In a second aspect, the present invention provides a seat belt wear detection system in an overhead power operation scenario, comprising: the acquisition module is used for acquiring a data set in an electric power operation scene and preprocessing the data set; the optimizing module is used for optimizing a loss function of the safety belt wearing detection network applicable to the high-altitude power operation scene and constructing a safety belt wearing detection network structure; the training module is used for training the target detection network by using the preprocessed data set and the optimized loss function to obtain a safety belt wearing detection model; the detection module is used for detecting the image acquired on site in real time by using the trained safety belt wearing detection model and carrying out safety belt wearing detection under the high-altitude power operation scene.
In a third aspect, the present invention provides a computer device comprising a memory and a processor, the memory storing a computer program, wherein: and the processor executes the computer program to realize the safety belt wearing detection method in the high-altitude power operation scene.
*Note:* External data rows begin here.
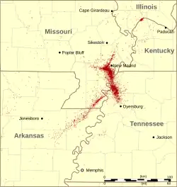 - 16 de diciembre de 1811, 0815 UTC (2:15 a. m.); (M ~7.5)[9] epicentro en el noreste de Arkansas, probablemente en la Falla de Cottonwood Grove;[10]: p. 7 causó solo leves daños en estructuras hechas por el hombre, debido a lo poco poblado del área del epicentro. La ubicación futura de Memphis, Tennessee fue afectada a una intensidad de un nivel de Mercalli nueve. Un seiche de origen sísmico se propagó río arriba y Little Prairie fue destruido por licuefacción de suelo.[11] Los solevantamientos locales del suelo y la vista de olas avanzando río arriba hicieron que los observadores se quedaran con a impresión de que el Río Misisipi estaba fluyendo al revés.[12]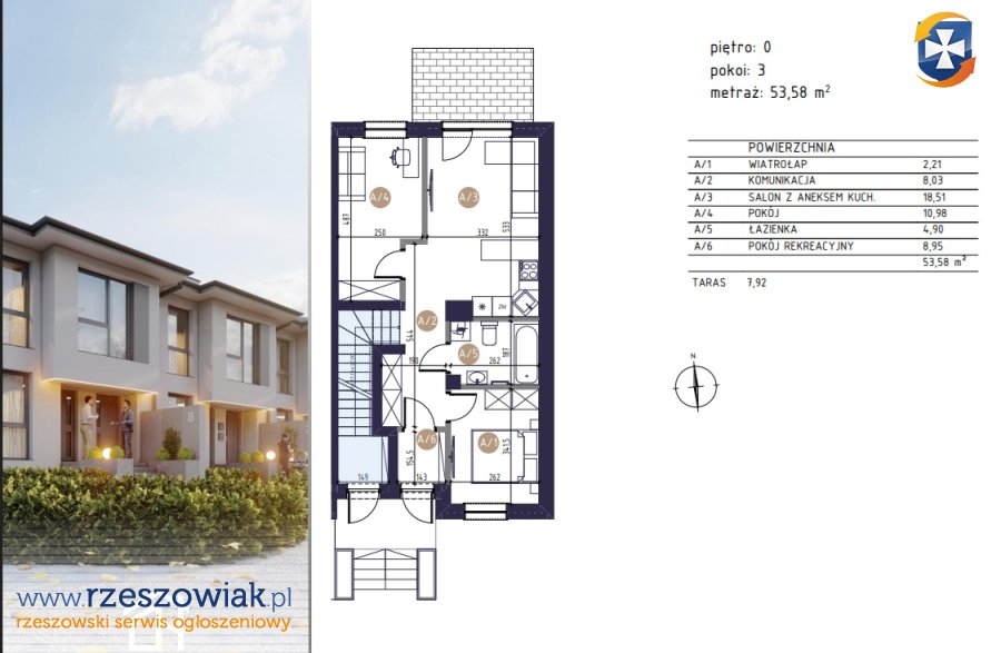PARTER - mieszkanie pow. 53.58m2, 3 pokoje, ogródek od 30.93m2 do 85,63m2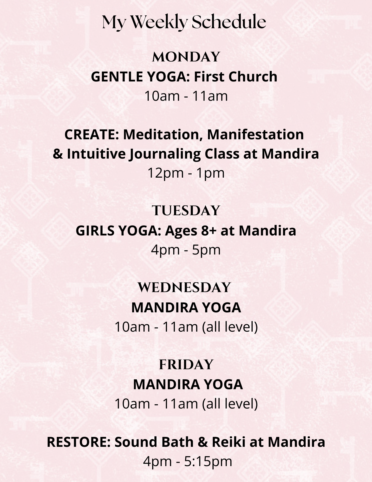 I offer group and private yoga, meditation and breathwork classes. My unique teaching stye leads intention, integrating philosophy, spirituality, poses, breathwork and energetic tools to calm and regulate the central nervous system (along with all of the other systems within the body, mind emotions and spirit)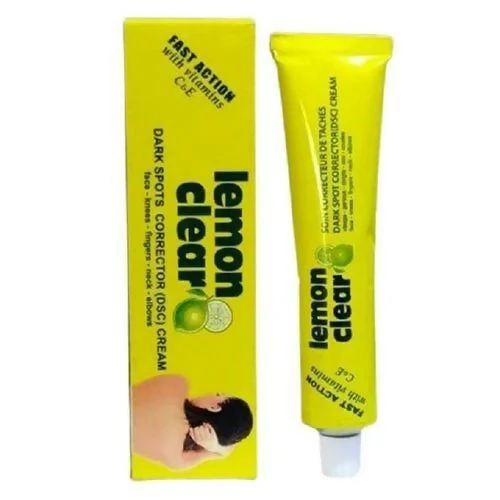 - Lemon Clear Cream is formulated with lemon extract to brighten the skin and diminish dark spots.Â
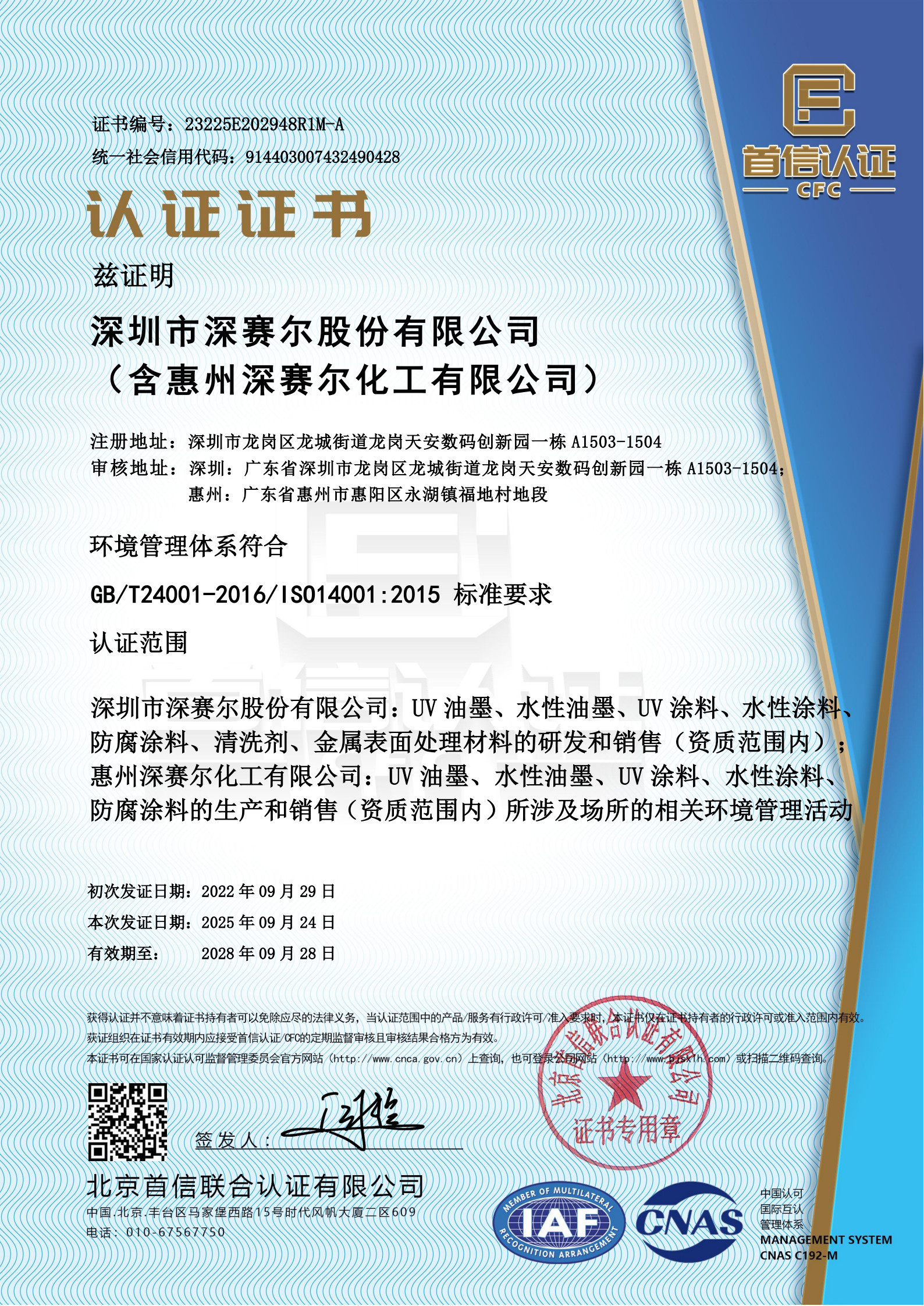 ISO 14001环境管理体系认证证书

In a fourth aspect, the present invention provides a computer-readable storage medium having stored thereon a computer program, wherein: and the computer program, when executed by the processor, realizes the step of the safety belt wearing detection method in the high-altitude power operation scene.
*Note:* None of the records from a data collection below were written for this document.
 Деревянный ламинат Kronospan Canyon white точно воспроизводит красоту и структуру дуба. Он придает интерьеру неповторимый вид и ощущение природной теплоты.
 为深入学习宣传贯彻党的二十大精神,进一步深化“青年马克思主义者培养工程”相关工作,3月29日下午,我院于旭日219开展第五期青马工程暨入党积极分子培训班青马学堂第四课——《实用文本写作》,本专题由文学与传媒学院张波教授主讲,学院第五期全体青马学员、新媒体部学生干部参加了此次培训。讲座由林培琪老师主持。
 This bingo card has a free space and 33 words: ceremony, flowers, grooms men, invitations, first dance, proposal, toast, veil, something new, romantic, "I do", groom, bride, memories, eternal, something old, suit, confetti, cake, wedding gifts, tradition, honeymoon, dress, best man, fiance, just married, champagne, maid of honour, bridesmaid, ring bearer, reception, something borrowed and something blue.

The invention has the beneficial effects that a data enhancement and attention mechanism is introduced, the learning capacity of the network is obviously improved, and key information is more effectively extracted from the monitoring image. Through ingenious improvement of the network structure, the detection effect of a long-distance small target is successfully improved, and the applicability of the system in a complex high-altitude power operation scene is enhanced. The labor cost is greatly reduced, and great convenience and convenience are provided for subsequent high-altitude power operation through an automatic safety belt detection system.
Drawings
In order to more clearly illustrate the technical solutions of the embodiments of the present invention, the drawings required for the description of the embodiments will be briefly described below, it being obvious that the drawings in the following description are only some embodiments of the present invention, and that other drawings may be obtained according to these drawings without inventive effort for a person skilled in the art.
Fig. 1 is a flowchart of a seat belt wear detection method in a high-altitude power operation scenario.
Fig. 2 is a block diagram of a seat belt wear detection method in an overhead power operation scenario.
Detailed Description
In order that the above-recited objects, features and advantages of the present invention will become more readily apparent, a more particular description of the invention will be rendered by reference to specific embodiments thereof which are illustrated in the appended drawings. All other embodiments, which can be made by one of ordinary skill in the art based on the embodiments of the present invention without making any inventive effort, shall fall within the scope of the present invention.
In the following description, numerous specific details are set forth in order to provide a thorough understanding of the present invention, but the present invention may be practiced in other ways other than those described herein, and persons skilled in the art will readily appreciate that the present invention is not limited to the specific embodiments disclosed below.
Further, reference herein to "one embodiment" or "an embodiment" means that a particular feature, structure, or characteristic can be included in at least one implementation of the invention. The appearances of the phrase "in one embodiment" in various places in the specification are not necessarily all referring to the same embodiment, nor are separate or alternative embodiments mutually exclusive of other embodiments.
Example 1
Referring to fig. 1, a first embodiment of the present invention provides a method for detecting belt wear in a high-altitude power operation scenario, including:
s1: and collecting a data set in the electric power operation scene, and preprocessing the data set.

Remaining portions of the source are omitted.